Private Limited Companies and Section 8 Companies are two distinct legal entities governed by the Companies Act in many jurisdictions. While Private Limited Companies focus on profit-making activities, Section 8 Companies are established for promoting charitable, educational, or social welfare objectives without any intention of making profits. In some cases, private limited companies may decide to convert into section 8 companies to align their operations with a social cause or to avail of certain benefits associated with Section 8 Companies. In this article, we will explore the process and implications of converting a Private Limited Company into a Section 8 Company.
Private Limited Companies are the most popular form of business entities globally. They are incorporated with the primary objective of earning profits for their shareholders. These companies are managed by directors and owned by shareholders, who can be individuals or corporate entities. Private Limited Companies have a separate legal identity, limited liability for shareholders, and perpetual succession.
Section 8 Companies, also known as not-for-profit companies, are established for promoting charitable, scientific, educational, or social welfare activities. These companies do not distribute profits among their members but utilize them for achieving their stated objectives. The income and property of Section 8 Companies are applied solely for the promotion of their objectives, and any surplus generated is reinvested for the same purpose.

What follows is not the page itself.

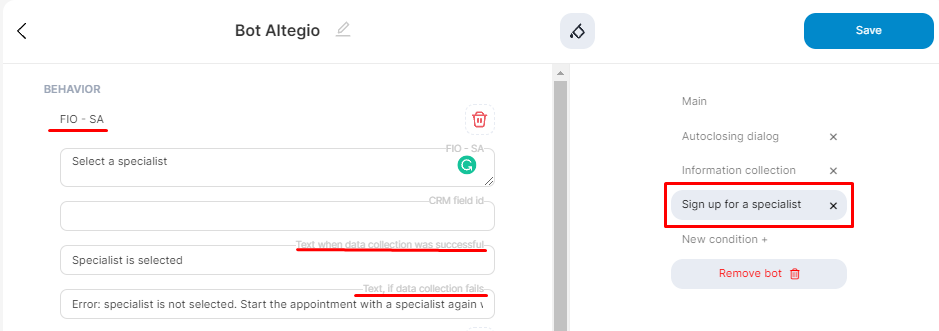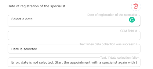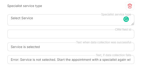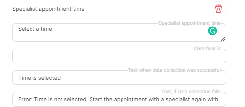 In the “Text, if data collection fails” field, write that the data was entered incorrectly, and tell the client how to start recording again. For example, Incorrect data was entered. Start an appointment with a specialist by writing Start again.
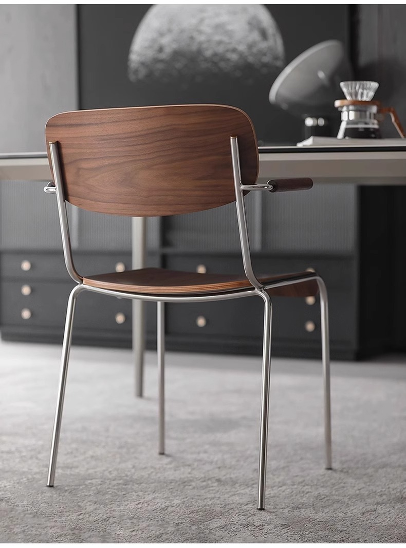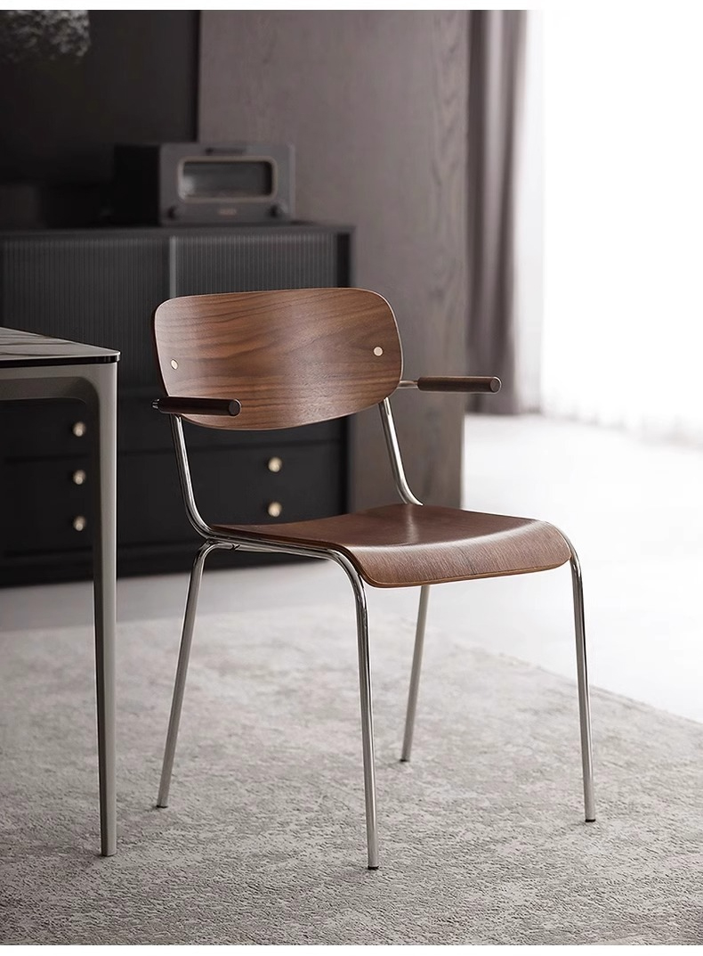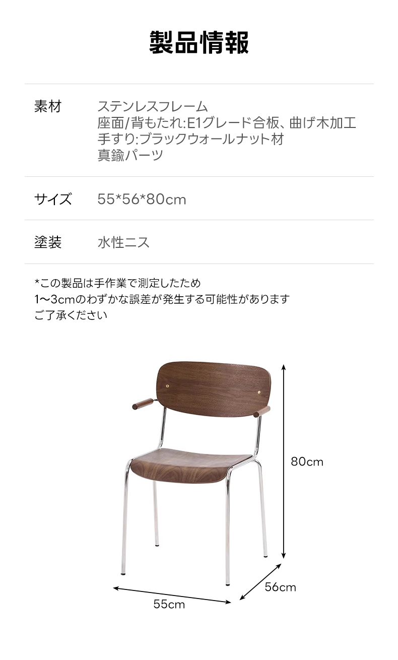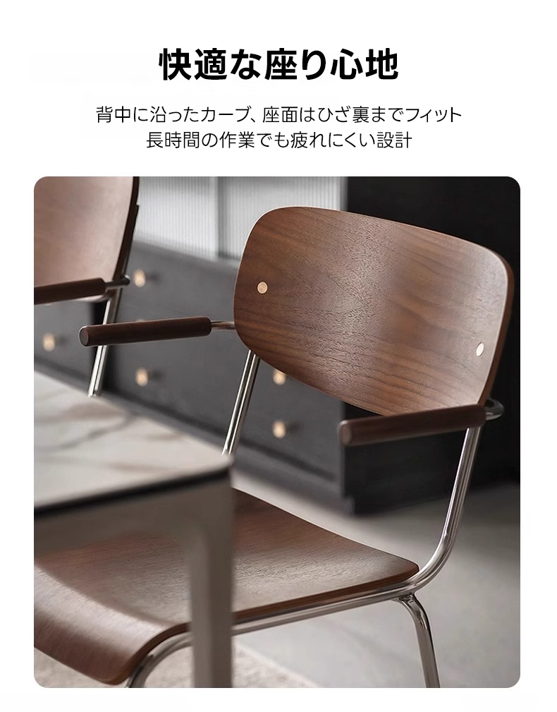 - 【高品質な素材と構造】フレームはステンレス製で、耐久性と安定感があります。座面と背もたれにはE1グレードの合成板を使用し、伝統的な曲げ木技法で成形されています。手すり部分にはブラックウォールナット材を使用し、滑らかな質感と高級感を提供します。

Tax Benefits: Section 8 Companies enjoy certain tax exemptions and benefits, such as exemptions from income tax, stamp duty, and other state-specific taxes. Private Limited Companies may opt for conversion to avail of these advantages.
Access to Grants and Funding: Section 8 Companies are often eligible for various grants, donations, and funding from governmental and non-governmental organizations. Conversion can open up opportunities for securing additional financial support.
Converting a Private Limited Company to a Section 8 Company involves several steps and compliances. Here is a step-by-step guide to the process:
Step 1: Board Meeting and Approval: The directors of the Private Limited Company must convene a board meeting to propose the conversion to a Section 8 Company. They should pass a resolution approving the conversion and appoint an authorized person to oversee the conversion process.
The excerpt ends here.